The Webster is not a bad little hall, not as cramped and dirty as New London’s El-N-Gee or as antiseptic and faux hip as Toad’s Place. It’s what fliers, trade magazines and reviewers call a more intimate setting.

But the Hip’s defining characteristic is a sort of seething power that’s just too much for a room this size, threatening to explode from them at any moment, reducing the roof to splinters and spraying the audience in their maple leaf T-shirts with the small intestines and thick gray matter of the buffalo-sized security team.

Downie is one of the most genuinely fascinating front men in modern rock; not as contrived in his funkiness as Steven Tyler or as libidinously macho as Anthony Kiedis in his performance, but genuinely soulful, strange and interesting to watch. You never know what might happen.

At various points in the show he shakes bananas and red grapes at the audience as though they were deadly weapons, dancing about wildly, the mic his only anchor, polyester shirt sticking with profuse sweat to his heaving chest, mumbling poetry and gibberish over the fuzzy guitar riffs of Bobby Baker and Paul Langlois and pounding bass and drum work of Gordon Sinclair and Johnny Fay respectively.

Backup vocals and keyboard are provided by Chris Brown and Kate Fenner, formerly of the Bourbon Tabernacle Choir, who’re opening for the Hip in support of their second solo effort, Geronimo.

Fenner has an angel’s voice and is breathtaking and joyful on stage — she breaks down and laughs at Downed when he gets too strange, balancing astride the mic stand, spouting gibberish, soaked in his own sweat and bottled water, holding on for dear life to a cluster of red grapes.

As the show closes all of the first timers -— those who’ve never heard the band, having come with a friend or on a whim -— have given in, dancing, falling, embracing. In front of me half a dozen men in their early twenties pose for a group picture in the middle of the crowd, raising their plastic cups.

With two encores before the lights come up, it seems the band doesn’t want to leave anymore than the crowd wants to go home.  Fans hang around after the concert, exchanging set lists and show recordings, buying hats and T-shirts.

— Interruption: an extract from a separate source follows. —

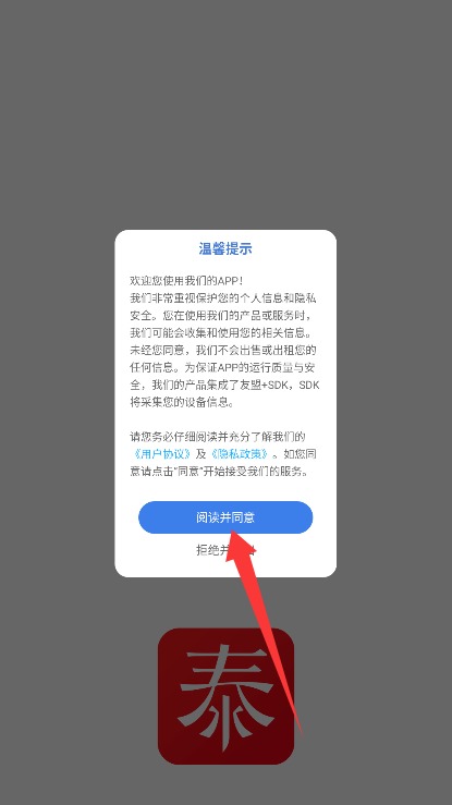 1、初次使用需阅读用户协议与隐私政策,确认无误后点击阅读并同意按钮进入。

“Tonight was great,” a large, bearded guy named Rich says to me from nowhere.

I agree.

“Did you record?” he asks hopefully.

“No, don’t have a recorder,” I say.

“Oh,” he says. “Y’know — I’m always looking for shows. I meet people from Canada who have like 30, 40 shows, and I’ve got like four. It’s not easy being a US fan, man.”

Joe Wilbur is a Reporter for Youth Journalism International.